## Given data:
—————

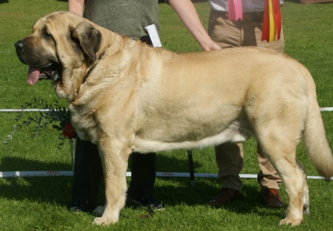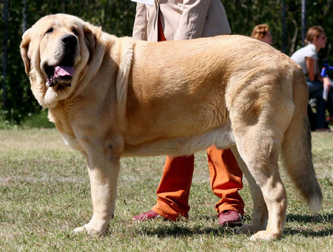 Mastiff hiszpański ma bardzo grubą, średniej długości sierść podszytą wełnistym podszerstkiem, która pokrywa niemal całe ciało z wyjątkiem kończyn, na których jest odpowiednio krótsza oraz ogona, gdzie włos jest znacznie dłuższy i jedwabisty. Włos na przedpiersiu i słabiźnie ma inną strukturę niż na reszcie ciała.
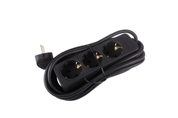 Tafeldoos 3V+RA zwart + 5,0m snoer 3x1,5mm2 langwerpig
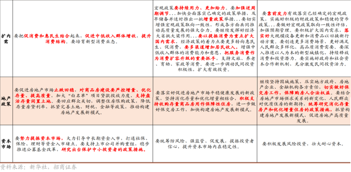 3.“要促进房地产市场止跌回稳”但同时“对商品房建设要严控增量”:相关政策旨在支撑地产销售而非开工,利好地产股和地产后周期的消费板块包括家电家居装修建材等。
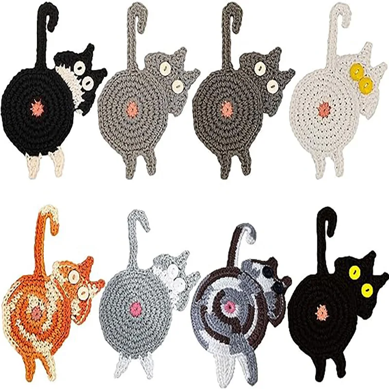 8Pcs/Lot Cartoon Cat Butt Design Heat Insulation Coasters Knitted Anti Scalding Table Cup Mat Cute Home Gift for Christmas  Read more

—————

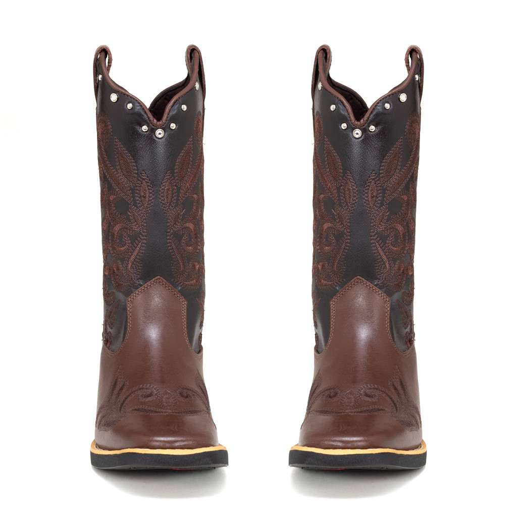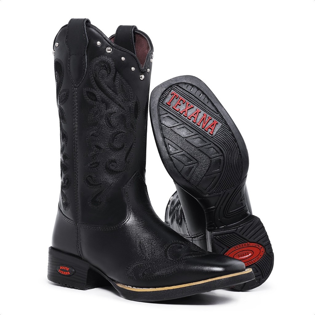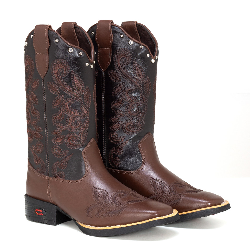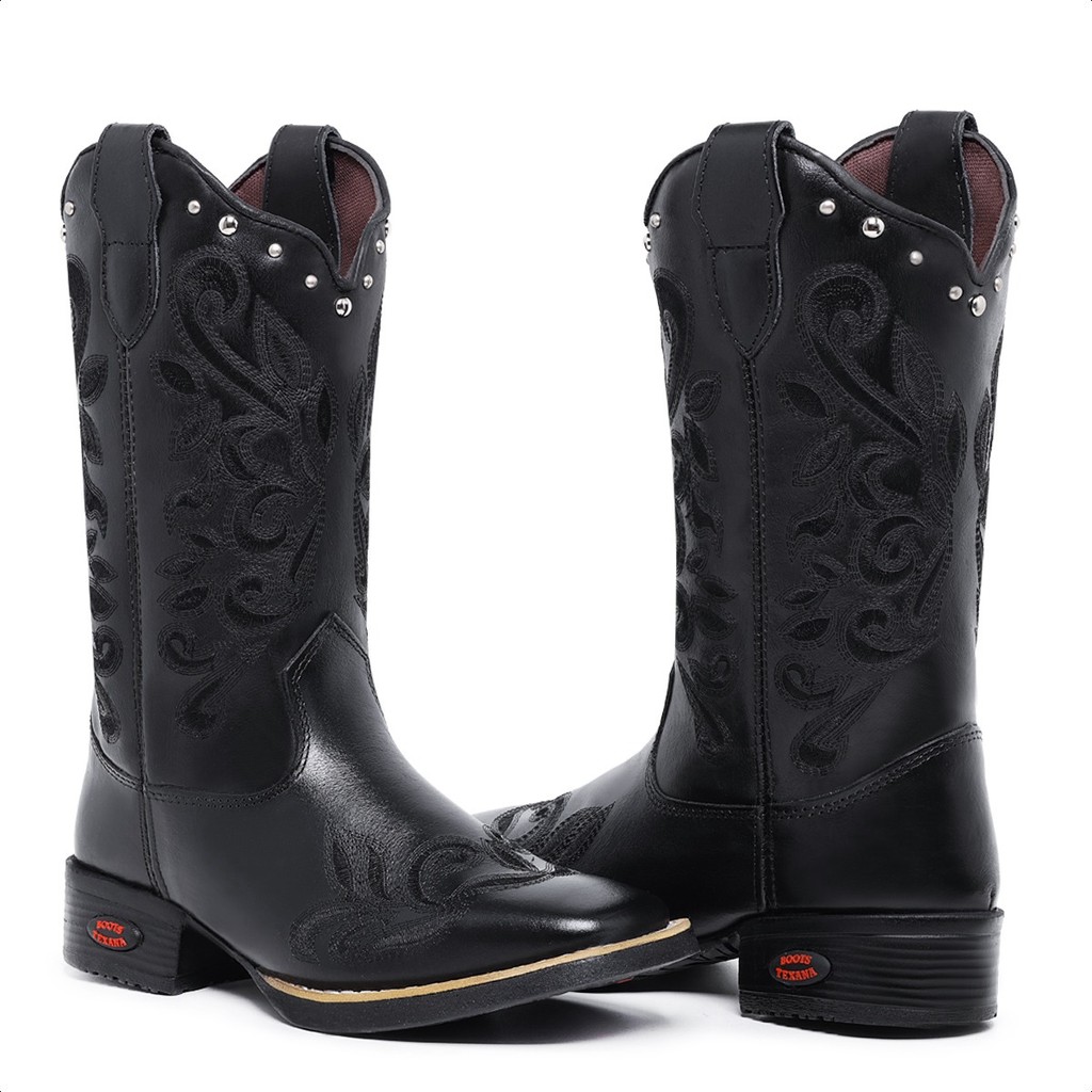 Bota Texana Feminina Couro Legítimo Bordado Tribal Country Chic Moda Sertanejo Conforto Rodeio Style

—————

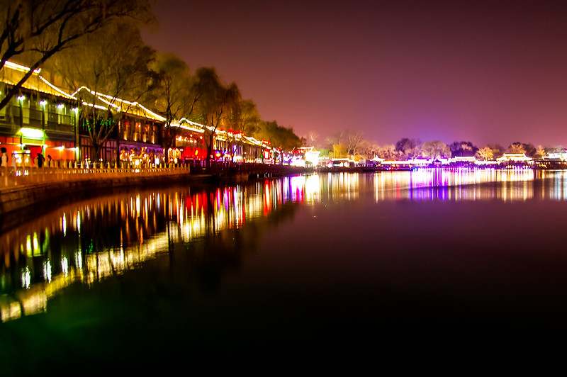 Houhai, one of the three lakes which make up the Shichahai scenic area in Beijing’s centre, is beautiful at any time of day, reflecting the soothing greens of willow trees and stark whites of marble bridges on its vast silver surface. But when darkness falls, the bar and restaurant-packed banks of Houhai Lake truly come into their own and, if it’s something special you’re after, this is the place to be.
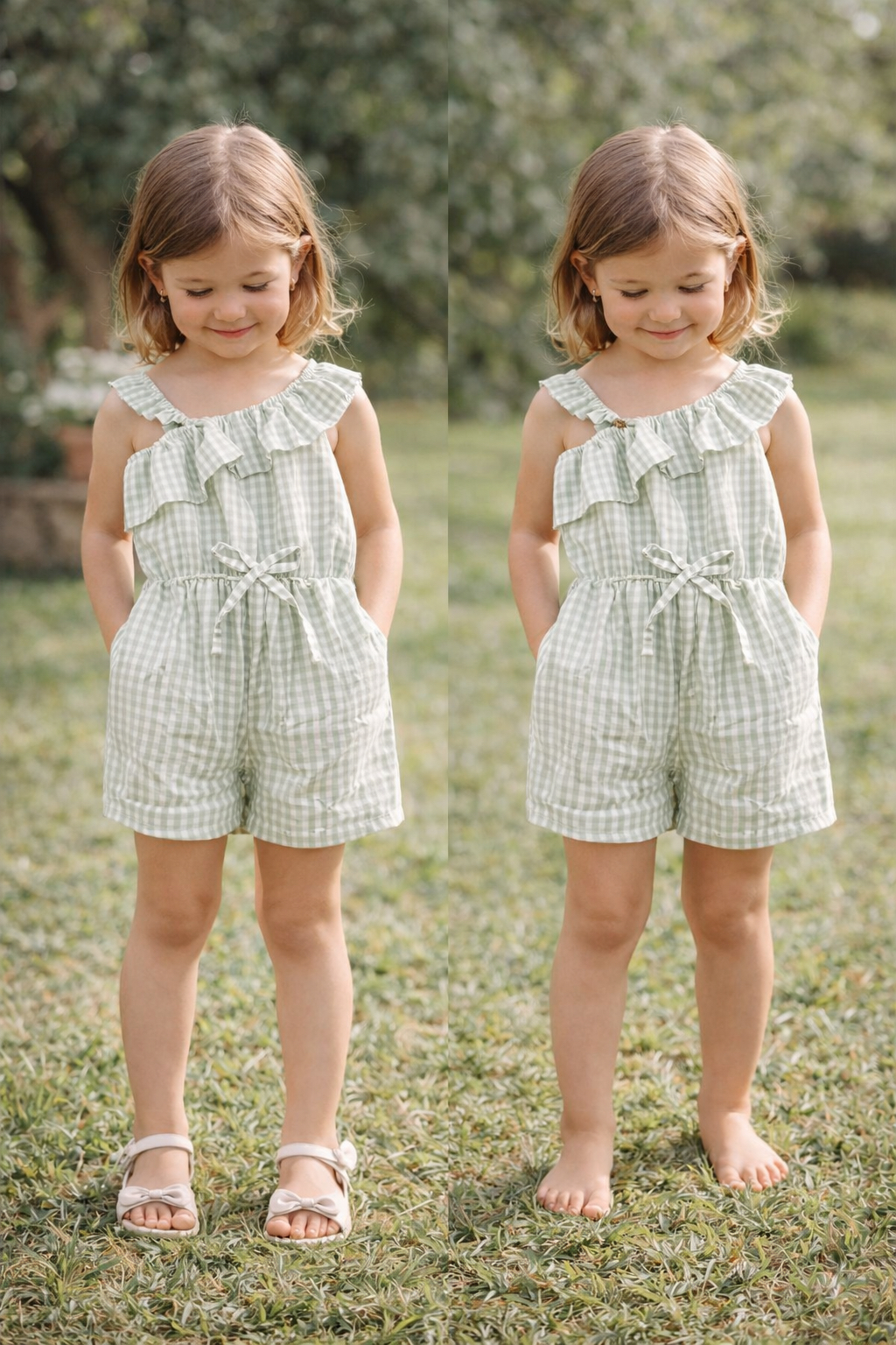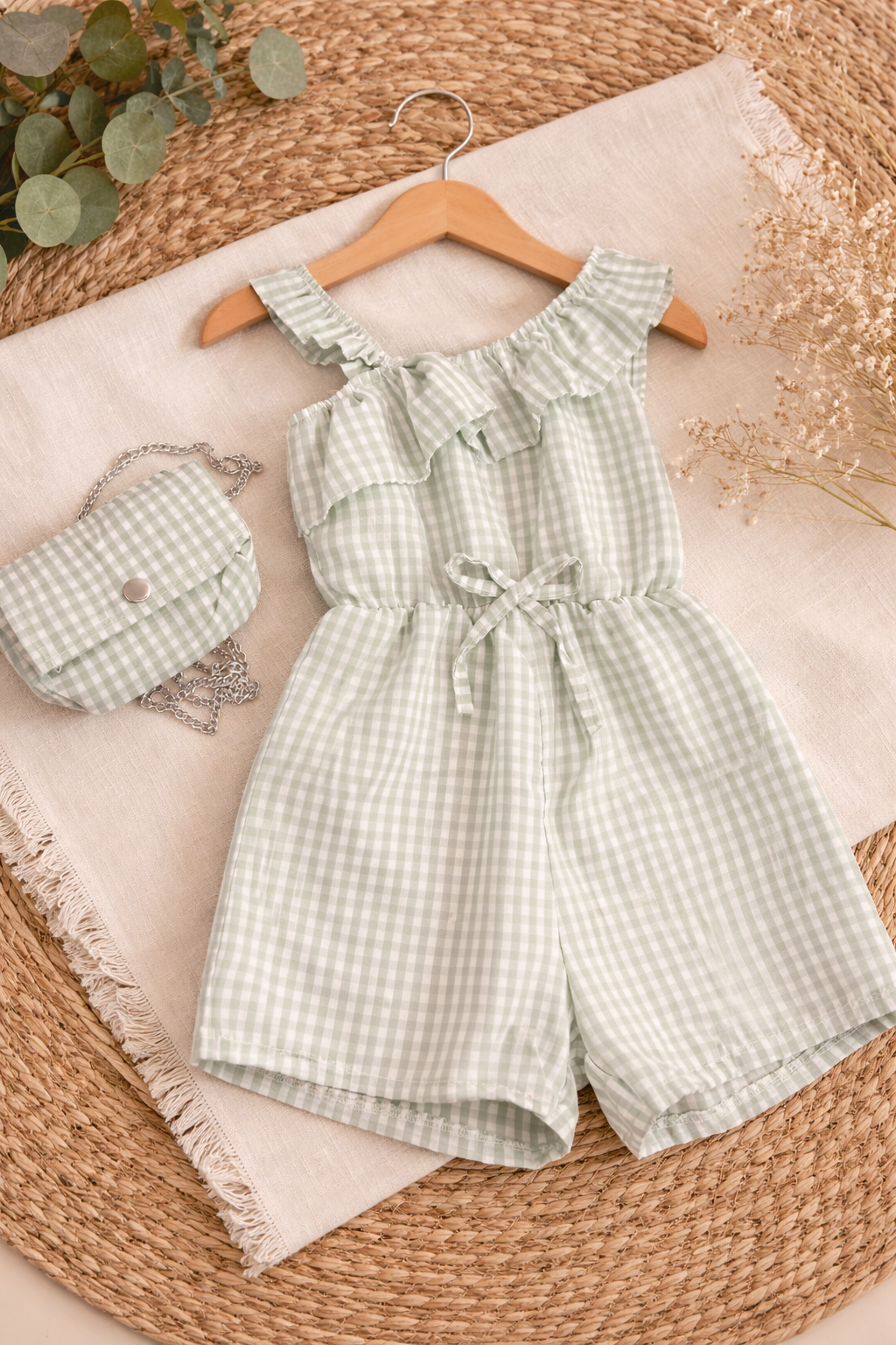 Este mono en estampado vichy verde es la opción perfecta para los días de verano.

—————

All lines above from the one containing "Houhai, one of" up to and including the one containing "Este mono en" are to be set down exactly, and nothing else. Leave images out.

## Result of the exercise:
 Houhai, one of the three lakes which make up the Shichahai scenic area in Beijing’s centre, is beautiful at any time of day, reflecting the soothing greens of willow trees and stark whites of marble bridges on its vast silver surface. But when darkness falls, the bar and restaurant-packed banks of Houhai Lake truly come into their own and, if it’s something special you’re after, this is the place to be.
 Este mono en estampado vichy verde es la opción perfecta para los días de verano.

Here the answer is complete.